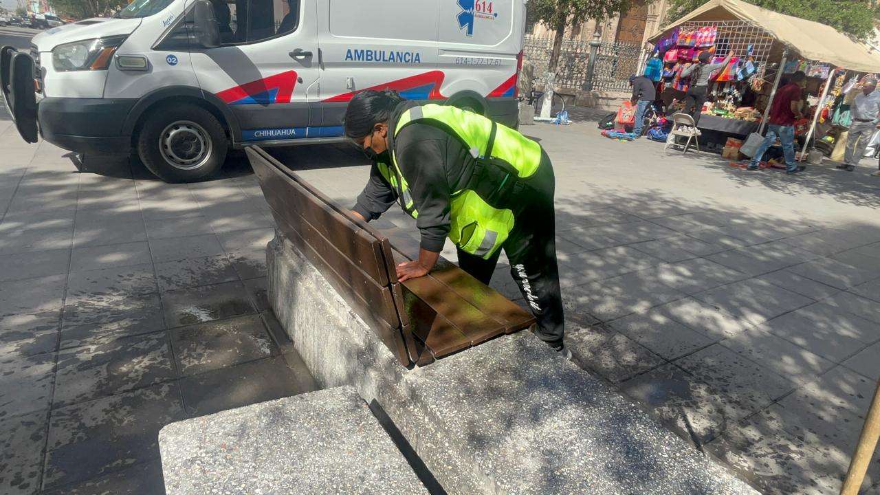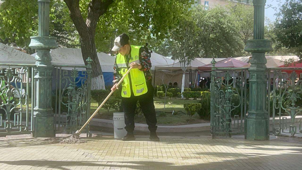 Chihuahua.- Personal del municipio de Chihuahua, realizó un operativo de limpieza en todo el primer cuadro de la ciudad.
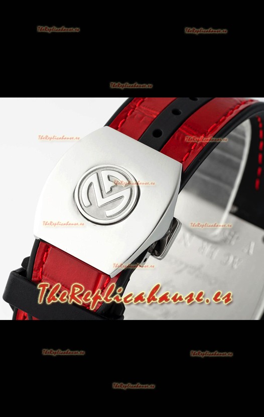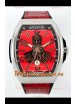 Dial Rojo con Indicador de Fecha a las 6 en punto.
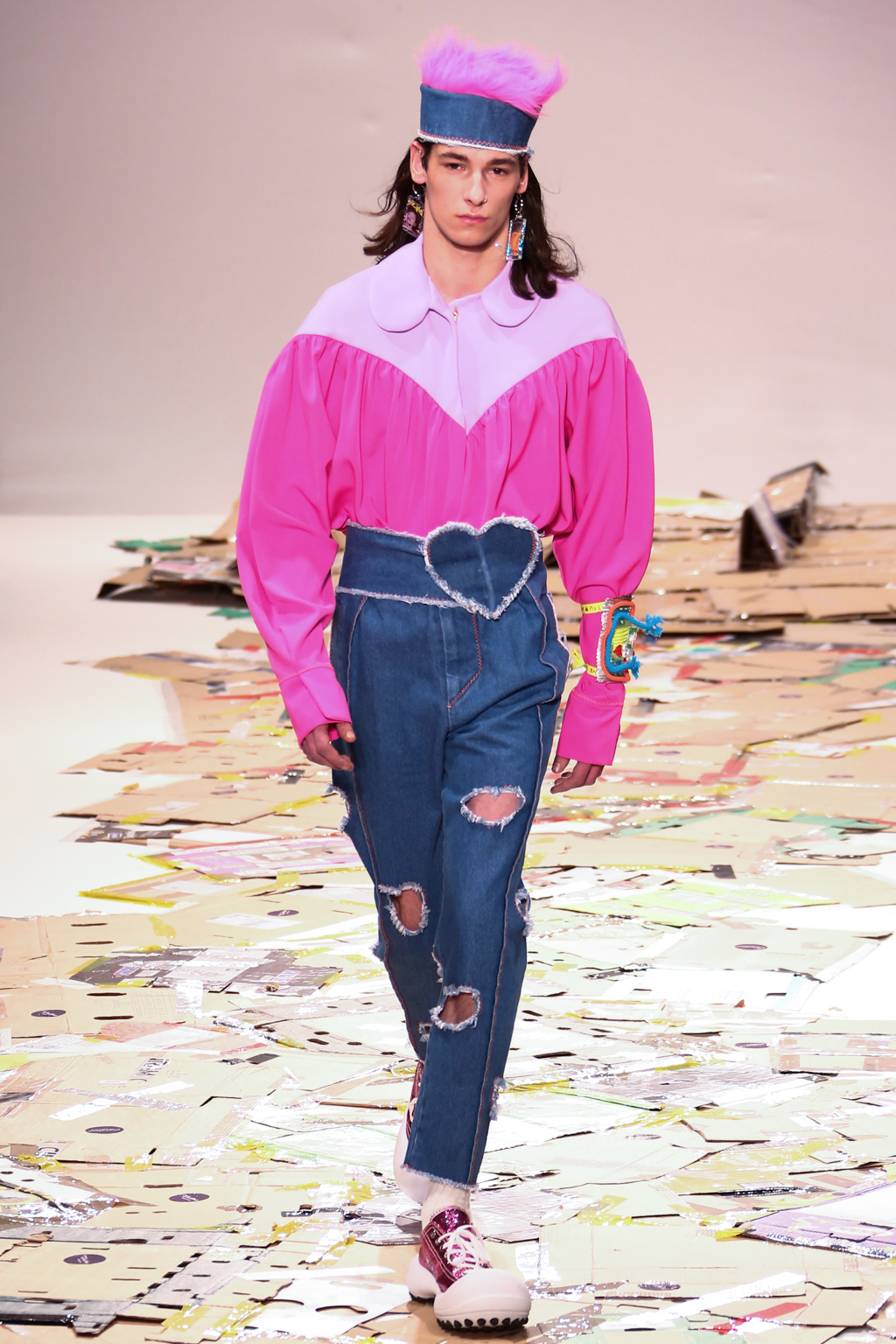 Breaking up the rough denim were bright pinks, greens and blues, along with orange headbands that featured the designer’s name in white lettering. He used classic stripes and gingham for his suits, but also a small heart print that tied into the many heart prints and shapes that could be seen throughout the entire collection. Adding another playful edge and nod to days spent in classrooms were the bold earrings and accessories, fashioned out of acrylic and other things usually used as school supplies.

━━━━━━━━━━

*What is being asked*
Copy everything in the listing above exactly except the pictures.

*Your solution*
 Chihuahua.- Personal del municipio de Chihuahua, realizó un operativo de limpieza en todo el primer cuadro de la ciudad.
 Dial Rojo con Indicador de Fecha a las 6 en punto.
 Breaking up the rough denim were bright pinks, greens and blues, along with orange headbands that featured the designer’s name in white lettering. He used classic stripes and gingham for his suits, but also a small heart print that tied into the many heart prints and shapes that could be seen throughout the entire collection. Adding another playful edge and nod to days spent in classrooms were the bold earrings and accessories, fashioned out of acrylic and other things usually used as school supplies.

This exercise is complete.